Thrombosis accounts for one in four deaths worldwide(1). It is a general term for diseases caused by blood clots obstructing blood vessels, including myocardial infarction, stroke, pulmonary embolism, and cardiogenic stroke.
This is a significant issue in Japan, which is experiencing an aging society. Among the G7 countries, Japan has the highest percentage of elderly people within its total population. According to data from 2022, while the rate of individuals aged 65 and older in the U.S. is 17%, it is estimated to be around 30% in Japan(2).
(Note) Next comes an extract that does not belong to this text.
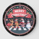 Dies ist ein lustiges, kreisförmig-gerahmtes Grafikdesign mit einem Urlaubsthema. Das zentrale Bild zeigt Santa, ein Rentier, einen Lebkuchenmann und einen Schneemann, der über eine Kreuzung spaziert. Darüber steht ein festlich roter Banner in fett weißen Buchstaben "MERRY CHRISTMAS". Der Hintergrund ist ein dunkler Nachthimmel voller Schneeflocken, Sternen und hängenden Weihnachtsdekorationen wie Bonbons und Ornamente. Der äußere Rand ist ein roter und weißer Canetstreifen. Die Ästhetik ist insgesamt fröhlich und skurril, was sie perfekt für die Ferienzeit macht.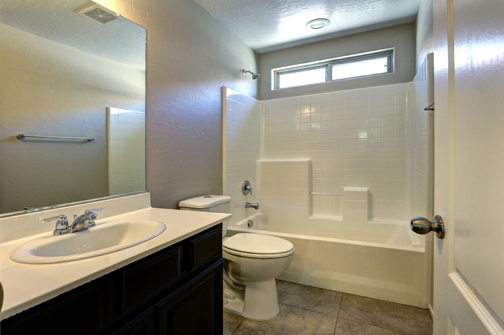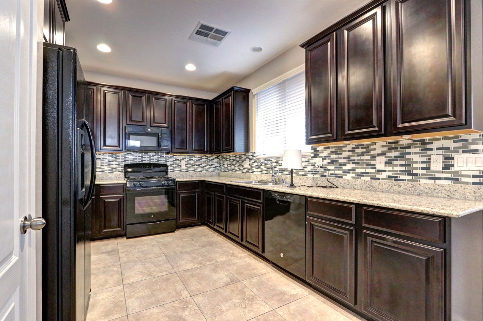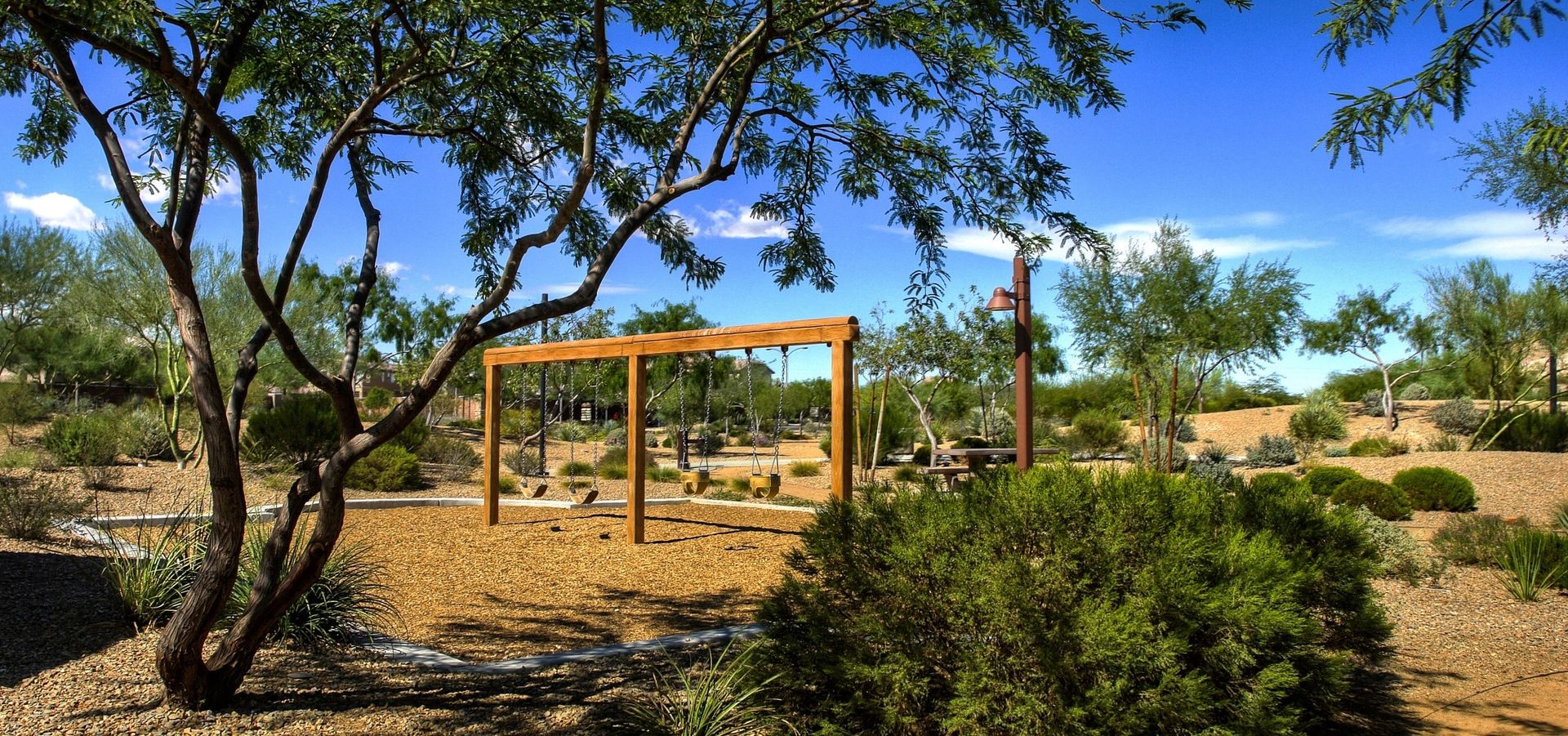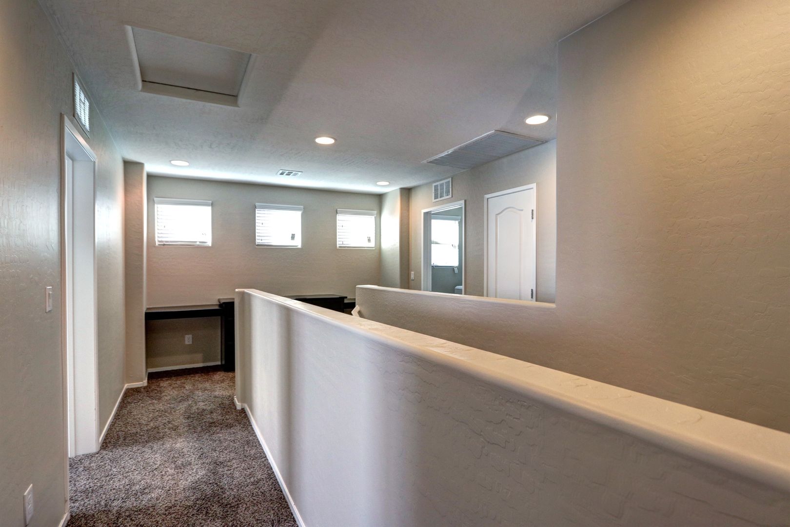 Terrific TWO STORY 3BDRs & 2.5BTHs HOME in Mountain's Edge. Entry reveals bright & open layout w/joined Family & Dining Rms enhanced w/neutral tile flooring. Galley style kitchen w/dark cabinets, granite cnts, backslash, black appliances & pantry. All BDRs are upstairs plus Laundry & built-in desk. Large MBD & en suite w/double sink, tub & separate shower. Finished backyard w/covered patio. Situated near community pool, park, walking trails & playground.

Statistics show that 66% of stroke deaths occur in individuals aged 70 and older(3). Age is a primary risk factor for Thrombosis, and with the aging population in Japan, the burden of cardiovascular diseases is increasing. The second leading cause of death in Japan is heart disease, including myocardial infarction, while cerebrovascular disorders rank third. It is believed that approximately 30% of deaths in Japan are due to Thrombosis.
There are various types of thrombosis, but here we will focus on two particularly severe conditions.
“Stroke” is a general term for diseases caused by blood clots’ obstruction of blood vessels in the brain, leading to insufficient blood supply to brain cells and subsequent cell necrosis. According to WHO data from 2021, stroke ranked as the third leading cause of death globally(4), with approximately 6.6 million deaths predicted in 2022(3). In Japan, cerebrovascular diseases accounted for 6.6% of deaths in 2023, with over 10,000 fatalities(5).
The severity of stroke is not only reflected in the death toll. Survivors may experience significant physical and mental burdens, such as tremors, speech disorders, and the risk of recurrence years later. Cognitive and emotional dysfunction can lead to deteriorating social relationships and increased social isolation(6). Physical disabilities can further limit mobility and lead to job loss, contributing to this isolation(6).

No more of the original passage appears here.